Austria can’t hold out much longer, and the country is getting very violent against the King and Bismarck. The Emperor is less able to concede and keep peace.
Now good-bye, dearest Mama. We are so grateful to you for taking the children, if any thing comes to pass.
May 22d.
* * * Any thing you hear of Vicky and Fritz, will you write it to me? * * * The cloud grows blacker every day, and the anxiety we all live in is very great. But I ought not to write to you to-day of such gloomy things, which, thank God, you only see and hear of from the other side of the water.
May 25th.
* * * The Duke and Duchess of Nassau were here yesterday. They, like me, are in such an unpleasant position, should it come to blows, which I still hope may be averted—for why should we harmless mortals be attacked?
* * * We shall be beggars very soon, if all goes on as it promises to do; it is quite dreadful, and the want of other people (and dissatisfaction) increases. * * * I have ordered a good travelling-bag for Louis, for much the same reason that some people take out an umbrella in fine weather to keep off the rain, and this is to be against a war. * * * I have a sort of Ahnung [presentiment] that it won’t come to the worst—for us at least—and here we shall keep so quiet, only on the defensive, if attacked.
May 28th.
* * * There seems a little chance of the dreadful prospects being bettered.

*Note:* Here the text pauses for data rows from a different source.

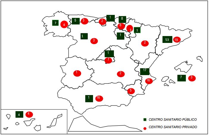 Así, la inmensa mayoría se realiza en los centros extrahopitalarios (89,06%), de los cuales casi todos son de titularidad privada (81,81%).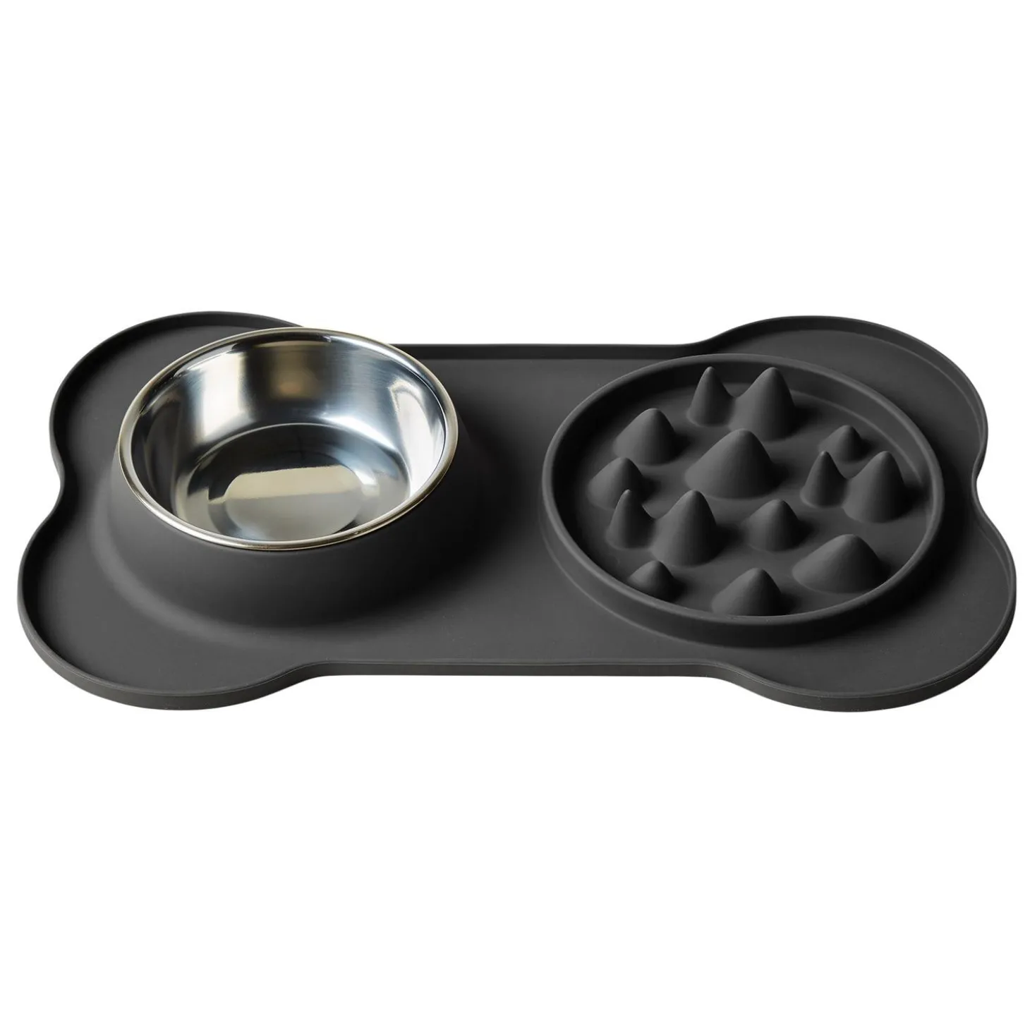 The Essentials Slow Feeder’s was purposely designed to slow down your dog during mealtime, encouraging better digestion. The raised edges in the feeding bowl creates obstales, while the non-slip base and bone-shaped mat help limit spillage.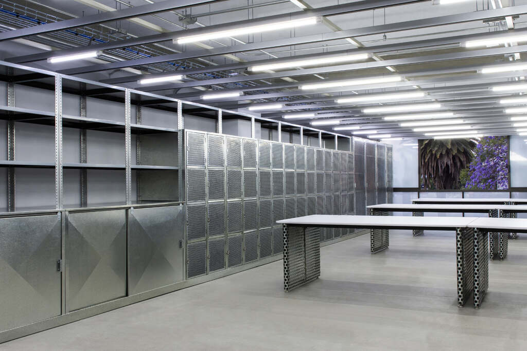 A la escala del detalle, se diseñó todo desde los acabados interiores hasta el mobiliario. Trabajando con una paleta de materiales compuesta por concreto aparente y aluminio pulido, el color y los patrones fueron introducidos en momentos específicos con el objetivo de resaltar actividades especiales. El terrazo verde con motas de granito negro, blanco y rosa fue utilizado en las barras de trabajo de la cocineta y del baño privado. Las cortinas color amarillo brillante proporcionan flexibilidad operativa a las salas de juntas en la fachada principal del edificio. Suspendidas de una serie de rieles, las cortinas permiten subdividir el espacio en tres distintas salas de juntas o ser completamente abiertas para crear una sola sala de conferencias. La lámina metálica lisa y multiperforada es utilizada para recubrir el mueble de recepción, las mesas de trabajo, y el mueble de guardado principal, en el cual cada empleado cuenta con un casillero donde poder almacenar artículos personales y equipo de trabajo.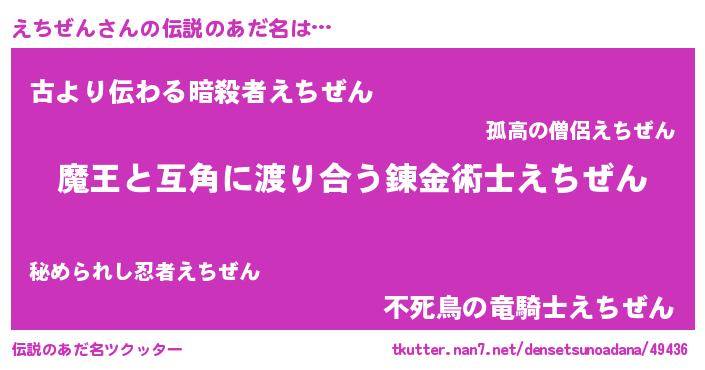 | 男性向けラノベタイトル風あだ名 | 『転生したらえちぜんだった件』 |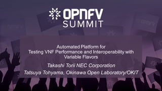 The document outlines the Okinawa Open Laboratory's (OOL) mission to promote advanced ICT technologies, notably software-defined networking (SDN) and cloud computing, in support of regional industrial development. It details the development of a VNF (Virtual Network Function) automation testing system to address the challenges of VNF testing, such as performance variability and lack of standardization. The document also highlights the collaborative efforts of various stakeholders to enhance VNF interoperability and test automation capabilities in the emerging market.

How I do pray it may be the commencement of a better time; and that, if peace be established, it may be so firmly, so that one may not live in the daily dread of new quarrels re-opening between the two countries. * * *
The man who built our house has nearly been made bankrupt, and wants money from us to save him from ruin, and we can scarcely manage it. The ruin this preparation for war, and consequent cessation of all speculations, buildings, or trade, has brought on people is dreadful, and of course increases.